De esta idea nació otra. “¿Por qué no organizar un movimiento social basado en la embriaguez natural, en que la gente se coloque con la química de su cerebro –porque me parece evidente que la gente quiere cambiar su estado de conciencia– sin los efectos perjudiciales de las drogas?”

En 1992, su equipo de Denver había obtenido una subvención de 1,2 millones de dólares del Gobierno para crear el Proyecto Autodescubrimiento, que ofrecía a los adolescentes maneras naturales de embriagarse alternativas a los estupefacientes y el delito. Solicitaron a los profesores, así como a las enfermeras y los terapeutas de los centros escolares, que les enviasen alumnos, e incluyeron en el estudio a niños de 14 años que no pensaban que necesitasen tratamiento, pero que tenían problemas con las drogas o con delitos menores.

“No les dijimos que venían a una terapia, sino que les íbamos a enseñar algo que quisiesen aprender: música, danza, hip hop, arte o artes marciales”. La idea era que las diferentes clases pudiesen provocar una serie de alteraciones en su química cerebral y les proporcionasen lo que necesitaban para enfrentarse mejor a la vida. Mientras que algunos quizá deseasen una experiencia que les ayudase a reducir la ansiedad, otros podían estar en busca de emociones fuertes.

Al mismo tiempo, los participantes recibieron formación en capacidades para la vida, centrada en mejorar sus ideas sobre sí mismos/as y sobre su existencia, y su manera de interactuar con los y las demás. “El principio básico era que la educación sobre las drogas no funciona porque nadie le hace caso. Necesitamos capacidades básicas para llevar a la práctica esa información”, afirma Milkman. Les dijeron a los niños y las niñas que el programa duraría tres meses. Algunos se quedaron cinco años.

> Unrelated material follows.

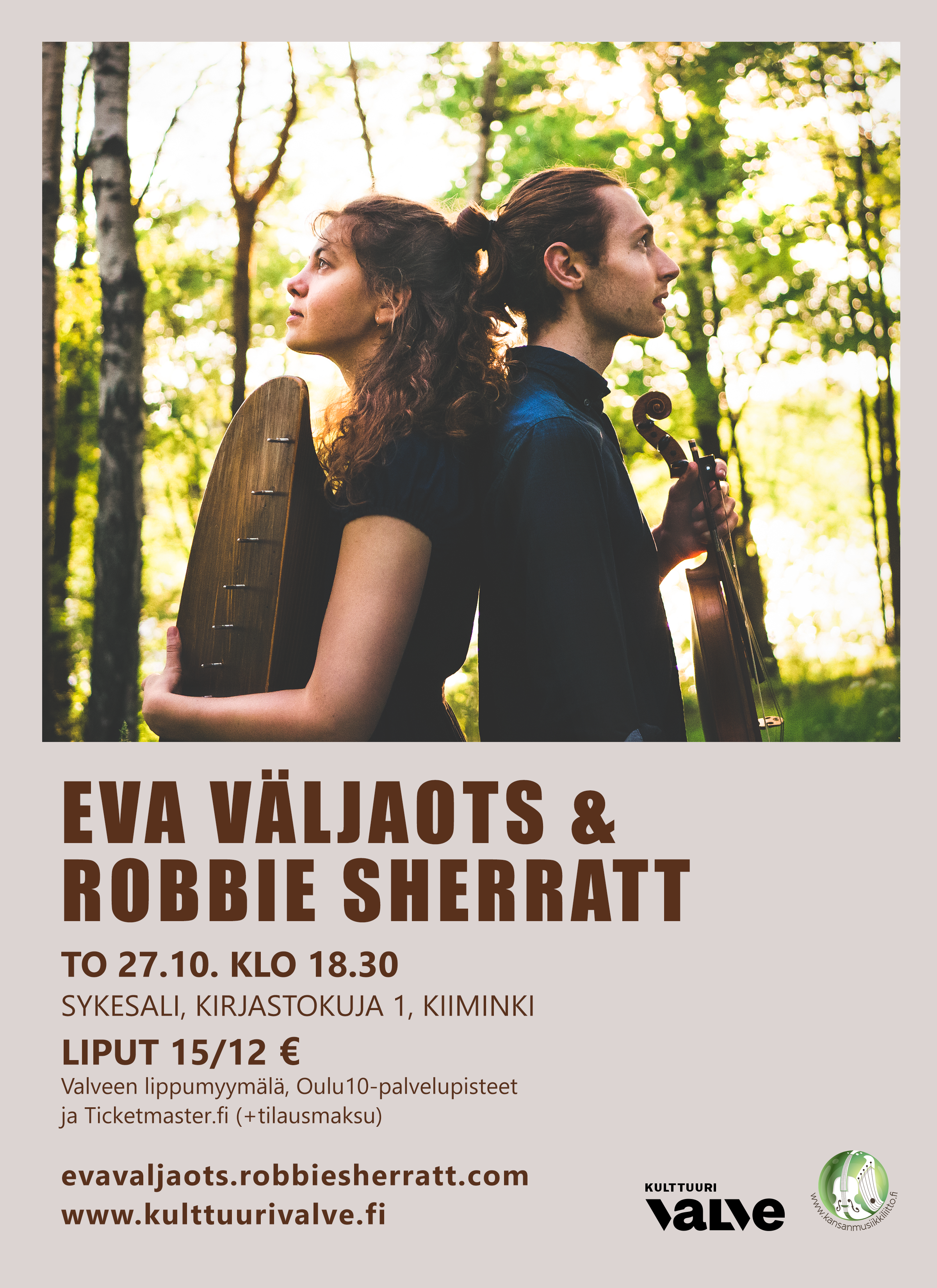 Suomen Kansanmusiikkiliiton lokakuun kiertueyhtye: Eva Väljaots & Robbie Sherratt torstaina 27.10. klo 18.30 Sykesalissa

Islandia sabe cómo acabar con las drogas entre adolescentes, pero el resto del mundo no escucha
Dave Imms para Mosaic

En 1991, Milkman fue invitado a Islandia para hablar de su trabajo, de sus descubrimientos y de sus ideas. Se convirtió en asesor del primer centro residencial de tratamiento de drogadicciones para adolescentes del país, situado en la ciudad de Tindar. “Se diseñó a partir de la idea de ofrecer a los chicos cosas mejores que hacer”, explica. Allí conoció a Gudberg, que por entonces estudiaba Psicología y trabajaba como voluntario. Desde entonces son íntimos amigos.

Al principio, Milkman viajaba con regularidad a Islandia y daba conferencias. Estas charlas y el centro de Tindar atrajeron la atención de una joven investigadora de la Universidad de Islandia llamada Inga Dóra Sigfúsdóttir. La científica se preguntaba qué pasaría si se pudiesen utilizar alternativas sanas a las drogas y el alcohol dentro de un programa que no estuviese dirigido a tratar a niños con problemas, sino, sobre todo, a conseguir que los jóvenes dejasen de beber o de consumir drogas.

¿Has probado el alcohol alguna vez? Si es así, ¿cuándo fue la última vez que bebiste? ¿Te has emborrachado en alguna ocasión? ¿Has probado el tabaco? Si lo has hecho, ¿cuánto fumas? ¿Cuánto tiempo pasas con tus padres? ¿Tienes una relación estrecha con ellos? ¿En qué clase de actividades participas?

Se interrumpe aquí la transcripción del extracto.